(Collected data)
○ ○ ○ ○ ○
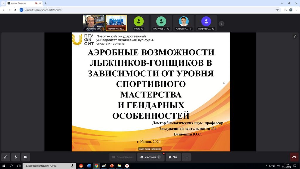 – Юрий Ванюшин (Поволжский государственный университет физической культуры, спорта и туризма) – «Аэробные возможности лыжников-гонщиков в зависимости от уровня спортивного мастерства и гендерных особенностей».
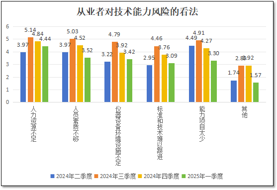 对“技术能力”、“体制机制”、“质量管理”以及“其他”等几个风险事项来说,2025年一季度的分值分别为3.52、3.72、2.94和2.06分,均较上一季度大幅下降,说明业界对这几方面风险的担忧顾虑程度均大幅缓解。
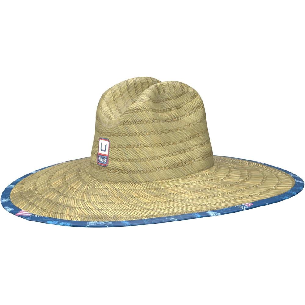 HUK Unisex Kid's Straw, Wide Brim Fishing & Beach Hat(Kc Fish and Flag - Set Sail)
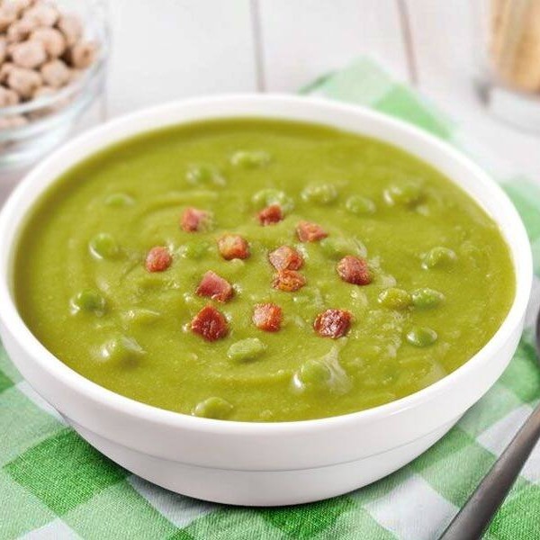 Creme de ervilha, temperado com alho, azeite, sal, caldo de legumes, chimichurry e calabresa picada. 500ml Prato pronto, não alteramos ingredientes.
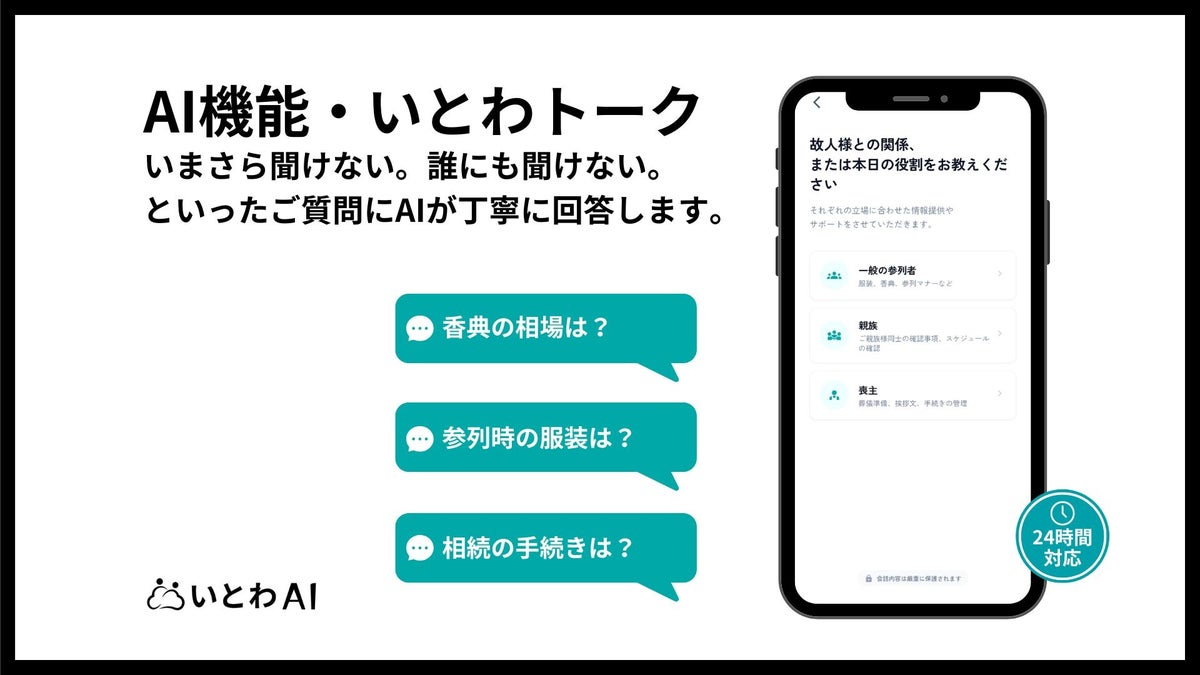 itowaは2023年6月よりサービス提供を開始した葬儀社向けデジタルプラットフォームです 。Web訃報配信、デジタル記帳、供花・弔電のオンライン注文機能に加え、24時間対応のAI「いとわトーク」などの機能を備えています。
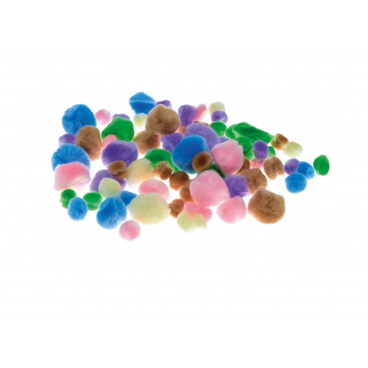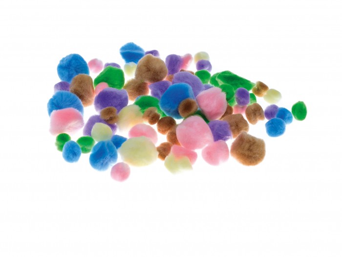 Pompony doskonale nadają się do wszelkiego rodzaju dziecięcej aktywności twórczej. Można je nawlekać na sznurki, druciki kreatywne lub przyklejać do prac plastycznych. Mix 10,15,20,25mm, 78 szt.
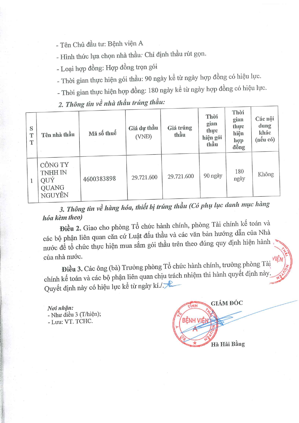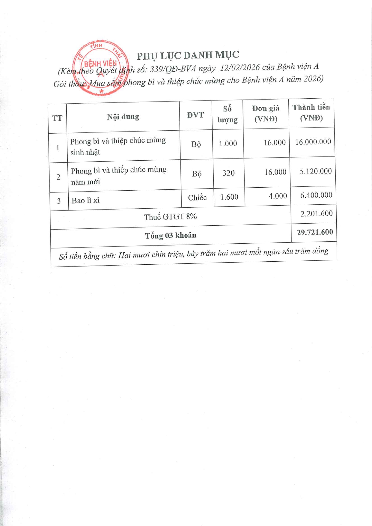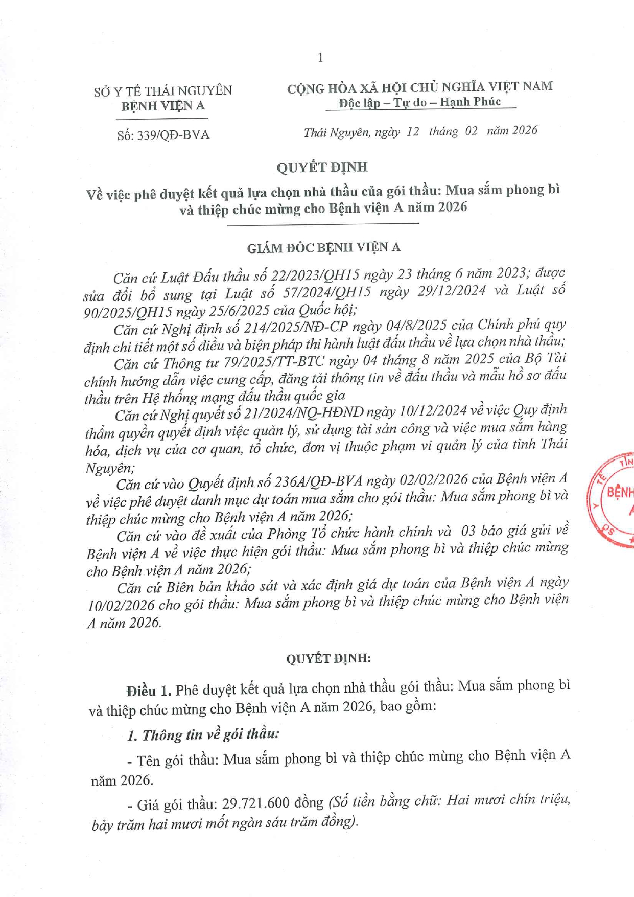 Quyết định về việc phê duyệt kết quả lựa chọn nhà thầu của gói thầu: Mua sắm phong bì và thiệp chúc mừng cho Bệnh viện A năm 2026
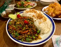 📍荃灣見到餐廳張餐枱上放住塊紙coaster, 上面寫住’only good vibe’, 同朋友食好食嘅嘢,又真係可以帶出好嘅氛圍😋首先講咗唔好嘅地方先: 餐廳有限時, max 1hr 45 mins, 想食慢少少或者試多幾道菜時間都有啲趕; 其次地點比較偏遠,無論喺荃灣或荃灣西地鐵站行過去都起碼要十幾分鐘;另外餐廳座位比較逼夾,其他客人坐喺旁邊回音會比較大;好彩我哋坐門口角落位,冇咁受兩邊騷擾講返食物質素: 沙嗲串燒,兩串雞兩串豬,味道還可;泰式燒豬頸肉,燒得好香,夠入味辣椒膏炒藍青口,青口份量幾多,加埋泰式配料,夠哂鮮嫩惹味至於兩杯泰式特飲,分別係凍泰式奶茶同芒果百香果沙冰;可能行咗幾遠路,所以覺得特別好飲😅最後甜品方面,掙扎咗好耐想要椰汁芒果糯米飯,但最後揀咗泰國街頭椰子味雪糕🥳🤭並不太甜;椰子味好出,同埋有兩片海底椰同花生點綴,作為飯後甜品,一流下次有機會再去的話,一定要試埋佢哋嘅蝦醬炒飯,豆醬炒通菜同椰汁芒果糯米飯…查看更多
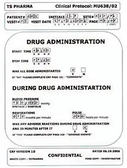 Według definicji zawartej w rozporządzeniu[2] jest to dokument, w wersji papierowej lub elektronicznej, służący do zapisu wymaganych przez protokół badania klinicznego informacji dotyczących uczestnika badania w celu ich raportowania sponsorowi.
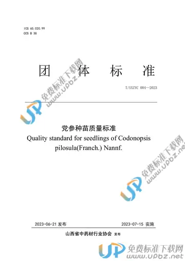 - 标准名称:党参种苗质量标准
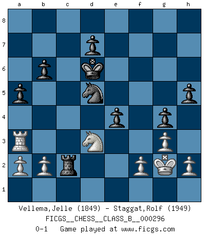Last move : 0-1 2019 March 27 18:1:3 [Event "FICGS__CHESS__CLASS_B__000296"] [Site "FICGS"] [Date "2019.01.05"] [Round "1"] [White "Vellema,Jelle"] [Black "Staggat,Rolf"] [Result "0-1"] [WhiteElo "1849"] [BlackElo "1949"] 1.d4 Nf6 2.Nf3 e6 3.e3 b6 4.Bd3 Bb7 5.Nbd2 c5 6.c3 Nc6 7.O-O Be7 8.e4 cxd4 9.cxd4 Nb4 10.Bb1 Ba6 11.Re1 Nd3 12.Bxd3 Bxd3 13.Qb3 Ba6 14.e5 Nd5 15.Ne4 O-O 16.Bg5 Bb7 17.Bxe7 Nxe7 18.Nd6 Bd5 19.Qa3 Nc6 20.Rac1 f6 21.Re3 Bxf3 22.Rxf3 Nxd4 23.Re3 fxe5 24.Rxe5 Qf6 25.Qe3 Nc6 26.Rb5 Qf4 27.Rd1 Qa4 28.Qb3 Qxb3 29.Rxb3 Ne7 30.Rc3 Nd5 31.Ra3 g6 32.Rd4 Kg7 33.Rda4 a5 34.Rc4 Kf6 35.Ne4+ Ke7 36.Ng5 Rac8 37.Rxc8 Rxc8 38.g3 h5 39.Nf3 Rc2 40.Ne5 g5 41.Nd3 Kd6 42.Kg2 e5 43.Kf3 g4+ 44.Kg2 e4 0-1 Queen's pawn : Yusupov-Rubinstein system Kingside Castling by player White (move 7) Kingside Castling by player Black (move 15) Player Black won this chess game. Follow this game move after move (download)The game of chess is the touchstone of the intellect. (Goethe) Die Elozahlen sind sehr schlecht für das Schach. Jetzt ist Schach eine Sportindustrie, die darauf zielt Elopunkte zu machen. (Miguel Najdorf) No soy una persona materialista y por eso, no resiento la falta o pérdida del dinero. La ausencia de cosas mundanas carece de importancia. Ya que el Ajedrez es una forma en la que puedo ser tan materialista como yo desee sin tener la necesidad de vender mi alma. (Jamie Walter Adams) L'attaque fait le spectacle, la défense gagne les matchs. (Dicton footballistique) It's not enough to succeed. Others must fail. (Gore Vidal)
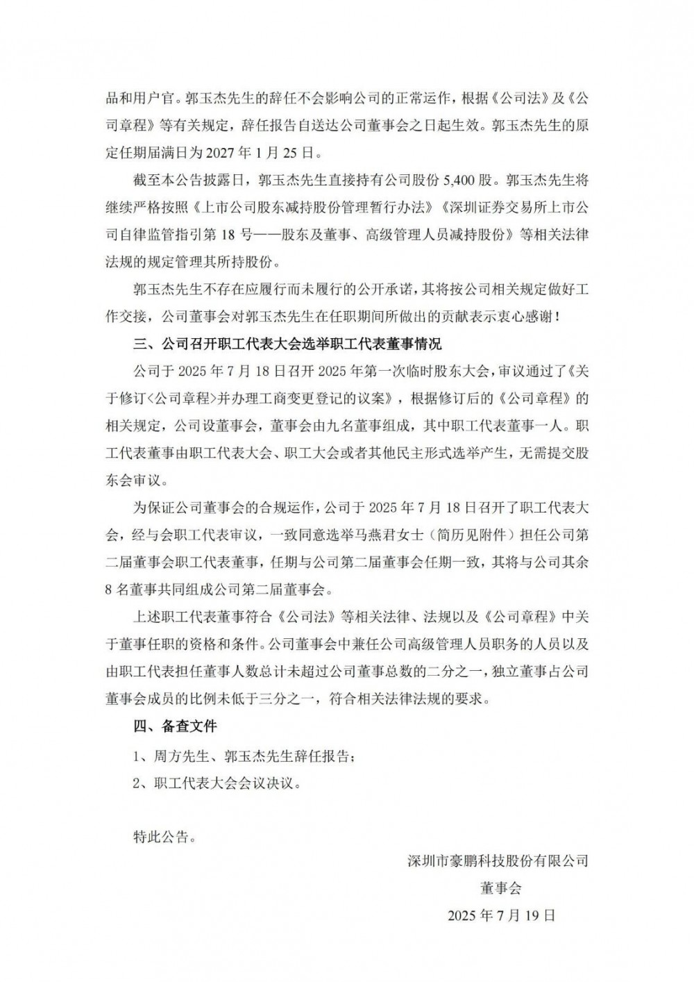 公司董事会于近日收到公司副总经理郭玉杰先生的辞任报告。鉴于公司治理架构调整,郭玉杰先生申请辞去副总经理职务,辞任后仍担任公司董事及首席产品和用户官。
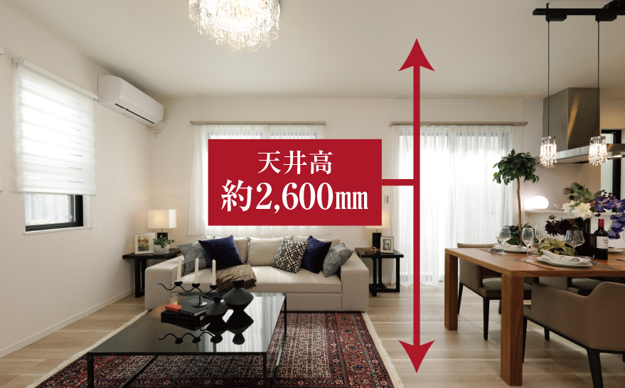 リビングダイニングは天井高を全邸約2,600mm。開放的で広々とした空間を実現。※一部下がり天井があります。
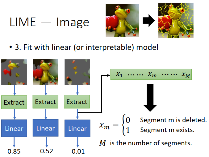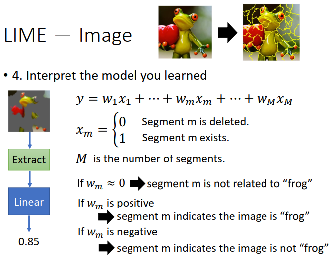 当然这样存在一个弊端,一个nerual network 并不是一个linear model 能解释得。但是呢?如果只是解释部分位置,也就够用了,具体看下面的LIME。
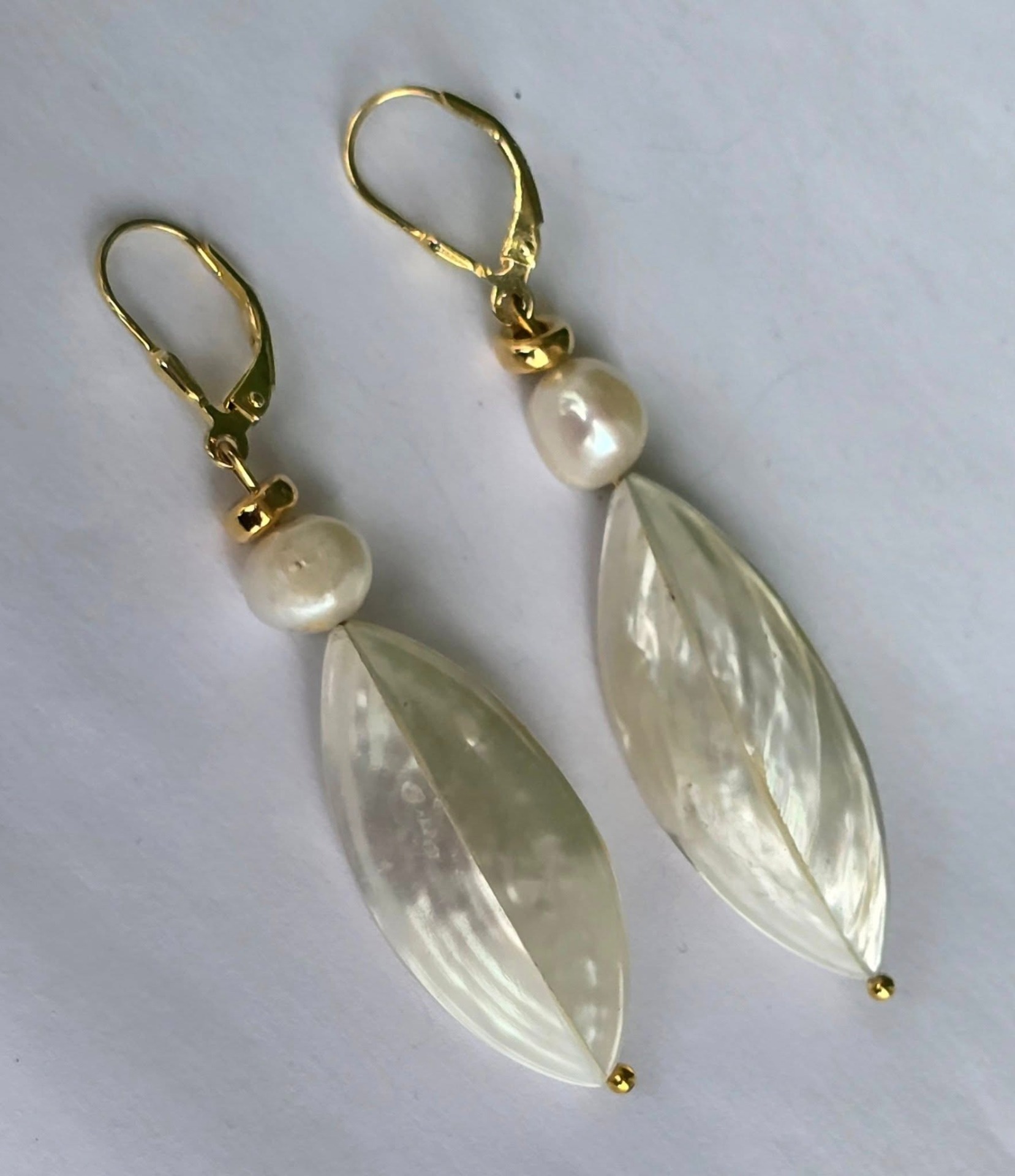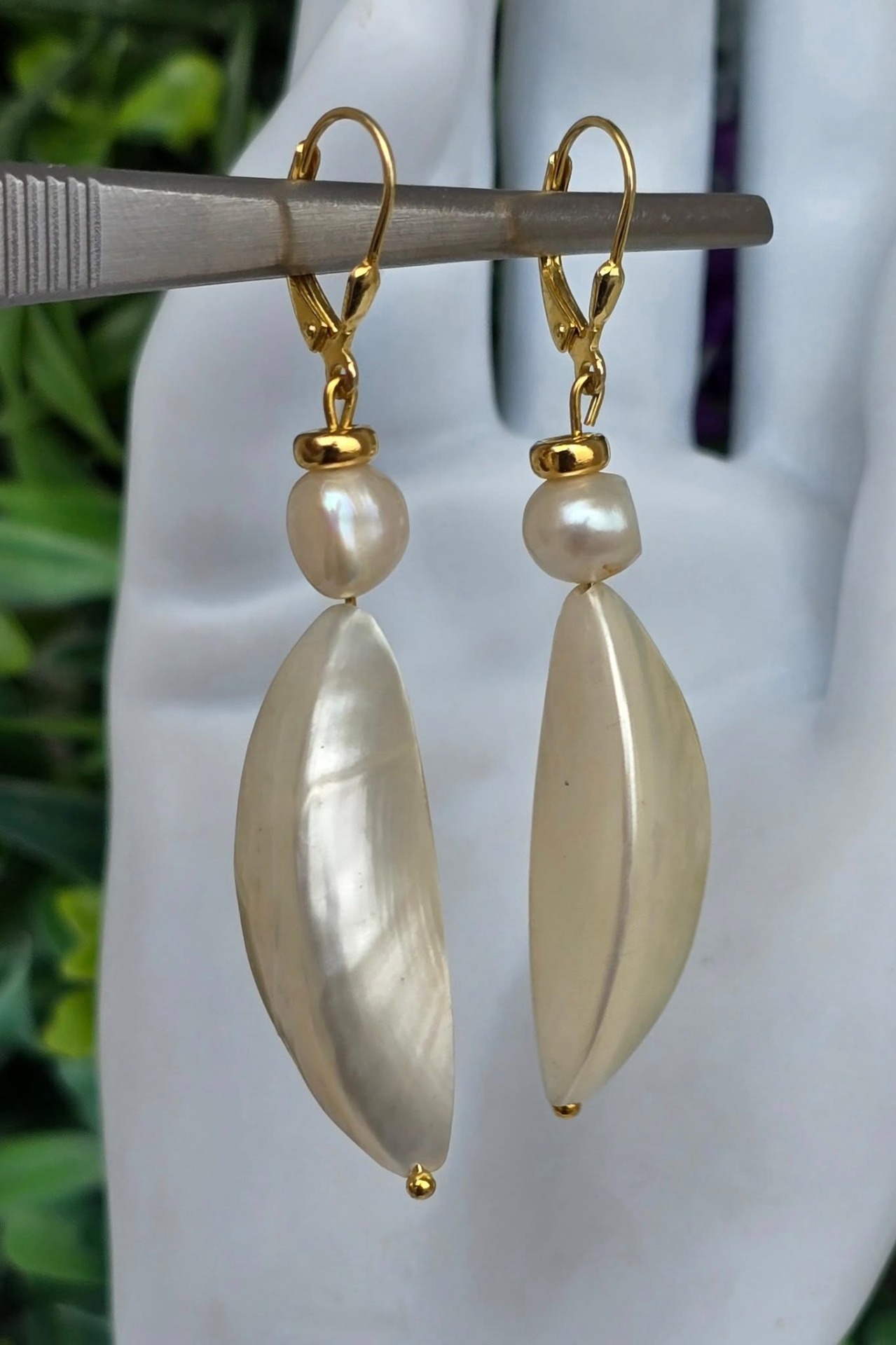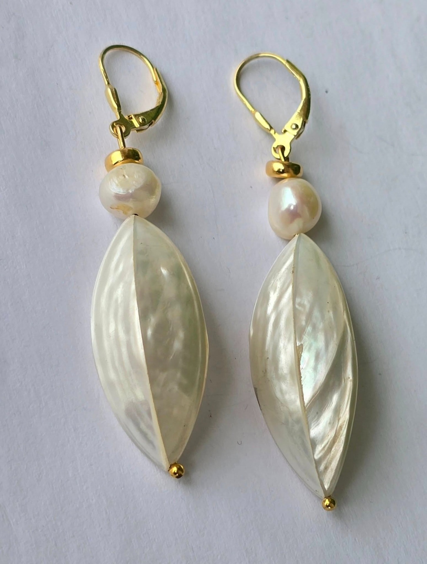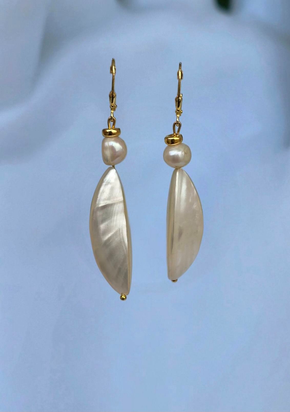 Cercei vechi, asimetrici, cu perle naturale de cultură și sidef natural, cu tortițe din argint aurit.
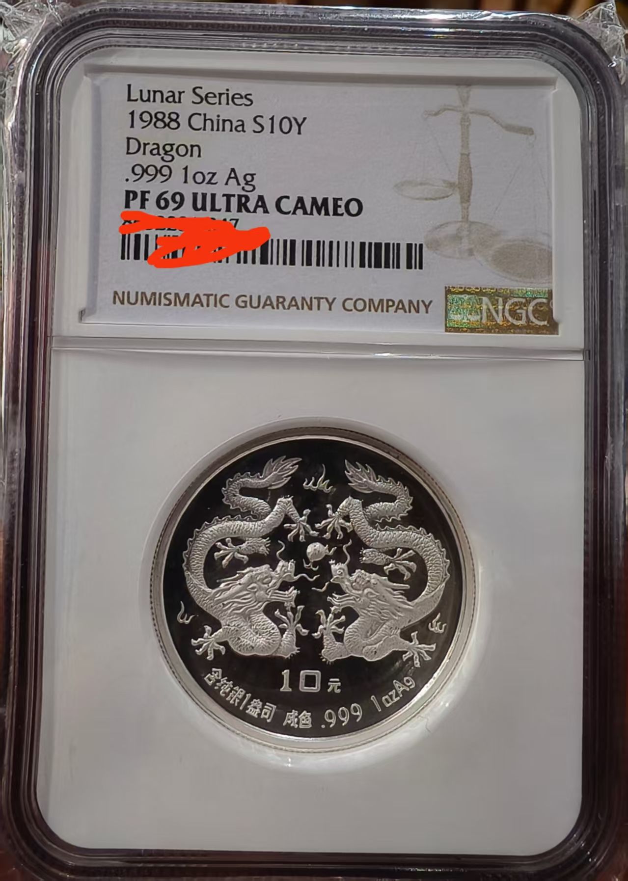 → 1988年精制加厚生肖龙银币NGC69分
○ ○ ○ ○ ○
_WORK INSTRUCTIONS_. Begin at the first line of the entries and end at the line containing "HUK Unisex Kid's": write out each line exactly, skipping pictures.

_TASK ANSWER_.
 – Юрий Ванюшин (Поволжский государственный университет физической культуры, спорта и туризма) – «Аэробные возможности лыжников-гонщиков в зависимости от уровня спортивного мастерства и гендерных особенностей».
 对“技术能力”、“体制机制”、“质量管理”以及“其他”等几个风险事项来说,2025年一季度的分值分别为3.52、3.72、2.94和2.06分,均较上一季度大幅下降,说明业界对这几方面风险的担忧顾虑程度均大幅缓解。
 HUK Unisex Kid's Straw, Wide Brim Fishing & Beach Hat(Kc Fish and Flag - Set Sail)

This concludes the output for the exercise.